Thanks for explaining these internals. Using the Genode build system I
never had to think about these things.
I will adapt my changes to take everything mentioned above in to account.
If such a warning can be added without much trouble, I'm for it.
Mentioning this limitation in the documentation would be perfectly fine
also.
Looking at the code, I think, the only place where the warning can
easily be added, is when extracting the library symbols. Everywhere else
it isn't clear if a library, a binary or both are built.

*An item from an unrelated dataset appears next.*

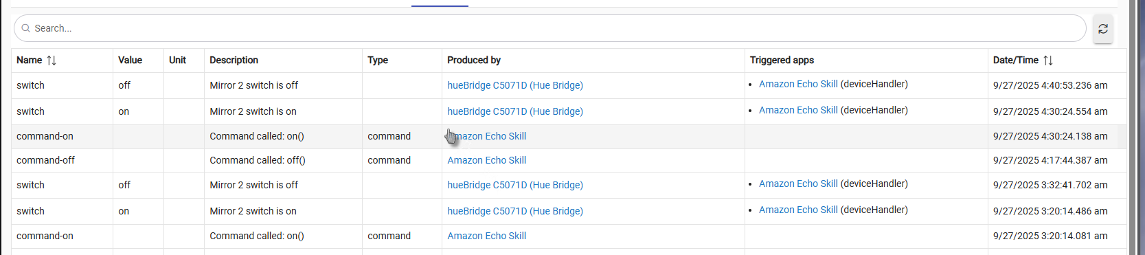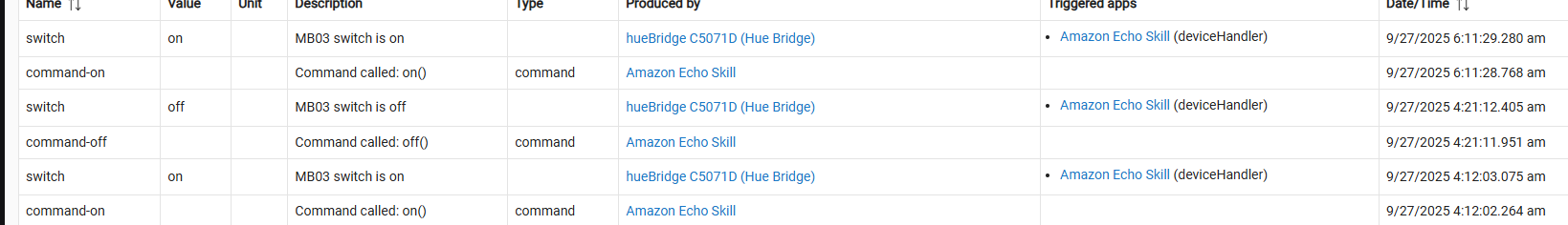 My Hubitat C-8 has been having issues with the Amazon Echo skill turning on hue lights randomly throughout the night. There are no calls to turn-on the lights in Alexa logs in the Alexa app being made, there are no routines, hunches are disabled, I am not running guard mode either. I have disabled ultrasound on devices that have it. I have removed and readded the Alexa skill. I have removed and readded coco hue integration and the built in integration to see if that would stop the issue. I am running the beta version of Hubitat as I am using the hue pro hub now. I am at my wits end on this and ready to chuck Hubitat out a window. I also use Alexa+ and haven't had this issue before, but it has been present since I upgraded to the beta to use the Hue Pro Hub. I also am including the logs of a recent light turning itself on overnight. It states the Amazon Echo Skill. Is there anything I should be looking for or doing?

Adding the information to the documentation is definitively really
important. I'll do that.
When using the depot directory of my Genode source tree, I noticed one
minor "annoyance" now that the `pubkey` and `download` files have
moved to a different location, Goa doesn't find them and complains. If
you wont mind, I will add an option to specify the location(s) of the
depot users.
Does that mean that adding depot keys via 'goa add-depot-user' does not
work?
goa add-depot-user <name> --depot-url <url> --pubkey-file <file>
When configuring a depot location via the 'depot_dir' configuration
variable, this step should add the keys to the referenced depot.
I think what you are observing is that the "key ring" is initially empty
because genode/depot/ no longer hosts any keys by default. But
ultimately this is how it should be, doesn't it?
As I used the shared depot, I thought that I could skip over this step.
But I agree with your explanation, and the general work-flow.
What do you think about adding the possibility to copy the files from a
sculpt directory the user already uses for "normal" Genode work?
goa add-depot-user <name> --sculpt-path <path/to/sculpt>
When used like that, there would probably no need to reset the depot
directory. That way one could save some time recompiling artifacts
already existing.
Regarding your commit "cmake support sub directory for cmake", have you
considered solving this issue by placing a CMakeLists.txt file with the
following line in your project's src/ directory?
add_subdirectory(relative/path/to/subdirectory)
By keeping this tweak as patch inside the project's patches/ directory
(to be applied on 'goa import'), you should be able to refer to any sub
directory (or even multiple of them) via Goa's existing cmake support.
As I do not really know CMake, I didn't think of that. With a few more
lines added this works. Therefore this patch will no longer be included.